Отец привёл его в секцию бокса, располагавшуюся в двухэтажном кирпичном здании, в самой низине стадиона «Торпедо». Тренер, лысый дядька с квадратной фигурой, колючим взглядом оглядел худенького невысокого паренька, потрогал твёрдыми, как палки, пальцами его незаметные бицепсы и вынес вердикт:

– Попробуем! Чтобы на улице тебе больше синяков не ставили. Тебе их здесь с лихвой хватит. Собирайте медицинские справки, занятия в сентябре начнём.

Летние каникулы пролетели быстро, наполнив впечатлениями, и он как-то подзабыл, что вместе с началом занятий в школе у него начнутся тренировки в боксёрской секции – вещь для него новая, интересная и немного пугающая.
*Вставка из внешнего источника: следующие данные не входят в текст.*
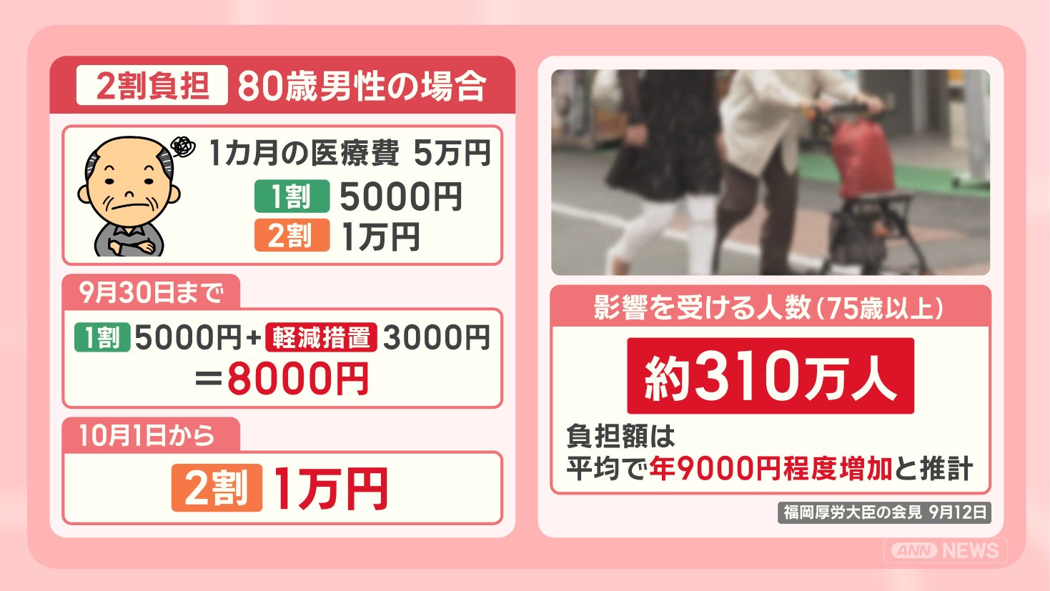 1カ月の医療費が5万円の80歳男性の場合、1割負担だと5000円ですが、2割負担だと1万円です。
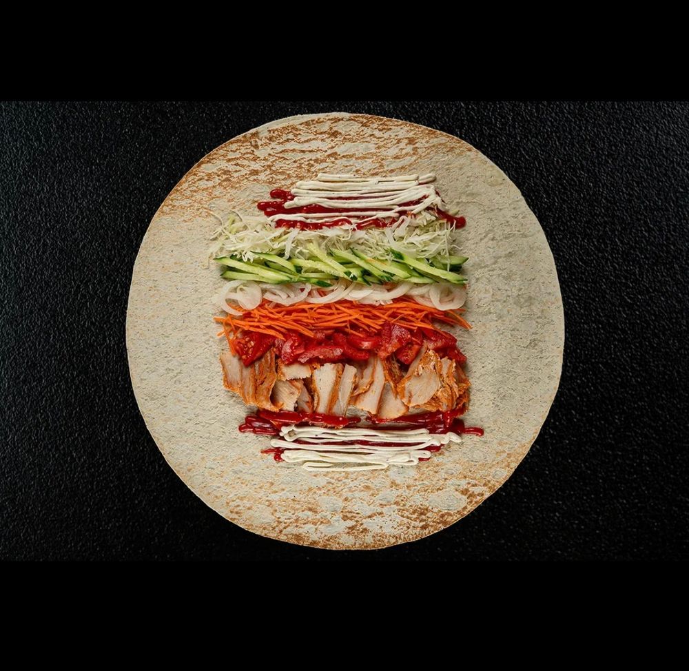 Тандырный лаваш, чесночный соус, соус терияки, жаренная курица, капуста, маринованный лук, маринованная морковь, томаты, огурцы
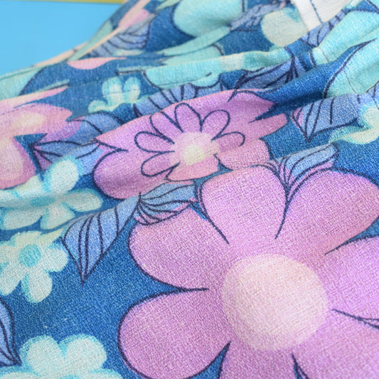 Vintage 1960s Curtains - Flower Power Barkcloth - Purple & Blue
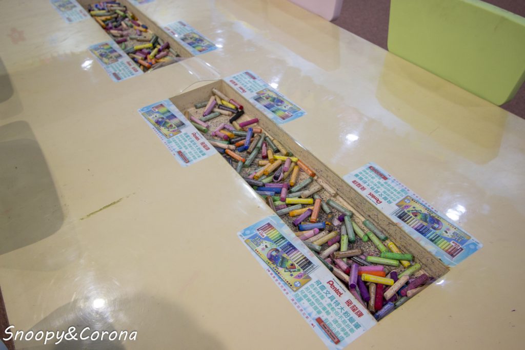 桌上準備了蠟筆小朋友們能夠坐下創造獨一無二的生日卡片,
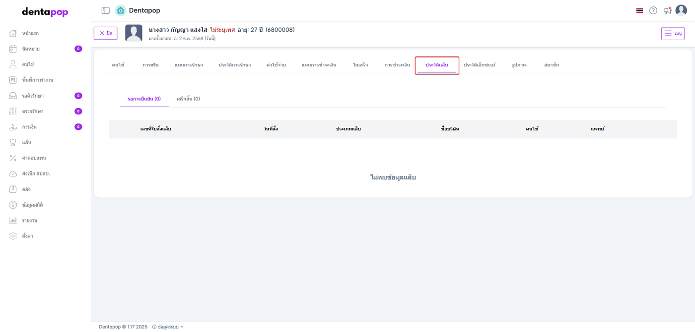 แสดงข้อมูลประวัติการสั่งแล็บของคนไข้ โดยแยกเป็นรายการที่รอยืนยัน หรือ รายการที่เสร็จสิ้น
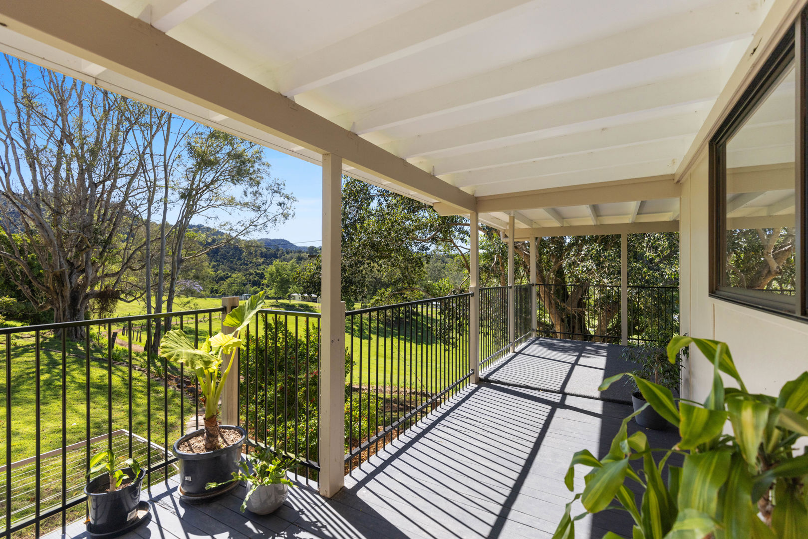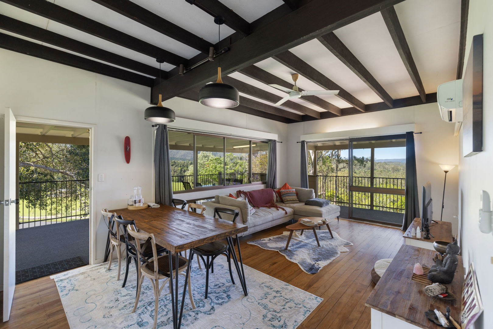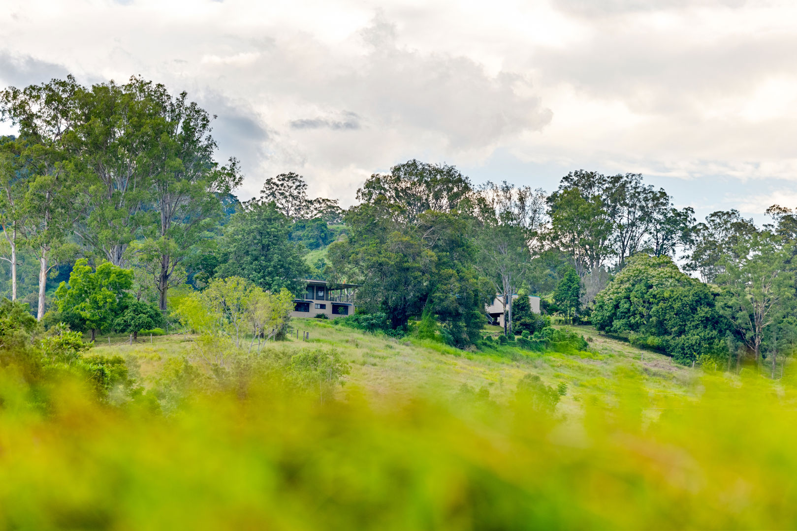 Tucked privately away and surrounded by nature, the main residence offers an elevated position with sweeping views across the property and down to the rainforest-fringed creek below.

Вспомнил только, когда отец повёл его в ближайший спортивный магазин, где они купили перчатки, капу и прочую необходимую экипировку. На дворе стояла первая половина девяностых. Магазины, и спортивные в том числе, стали наполняться товарами, о которых раньше и помыслить не могли, вопрос заключался только в цене. Отец не поскупился и приобрёл для сына всё добротное, фирменное. Только потом он узнал, что отец потратил деньги, которые несколько лет копил себе на зубы. Дмитрий был поздним, долго выпрашиваемым у судьбы ребёнком, и его старались не ущемлять в желаниях. Не баловали, но всем необходимым обеспечивали.

– Ну что, бандерлоги, – говорил тренер чуть хрипловатым голосом, встав перед шеренгой пацанят, широко расставив ноги и заложив руки за спину. – Летний балдёж закончился, начались трудовые будни. Зовут меня Никита Никитович. Все мои указания выполнять беспрекословно! Будет трудно, а часто и больно. Слабаков и хлюпиков не потерплю. Кто выдержит, человеком станет. Обещаю! А пока вы – бандерлоги.

И начались тренировки. Тяжёлые, изматывающие, но и интересные одновременно. Мальчишка менялся на глазах: вытянулся, оброс мускулами, посерьёзнел. Красавчиком, чтобы девчонки на шею вешались, не был, но мужской привлекательностью уже обладал. И учился притом неплохо. Отец предупредил сразу: начнёт хромать учёба, о боксе придётся забыть.

Как-то раз, возвращаясь с тренировки, в пустом сквере Дмитрий встретил одного из своих обидчиков. Того самого блондина, подросшего теперь, ставшего привлекательным; вокруг него частенько стайкой вились девчонки. Сейчас он шёл один, чуть покачиваясь, и прицепился первым.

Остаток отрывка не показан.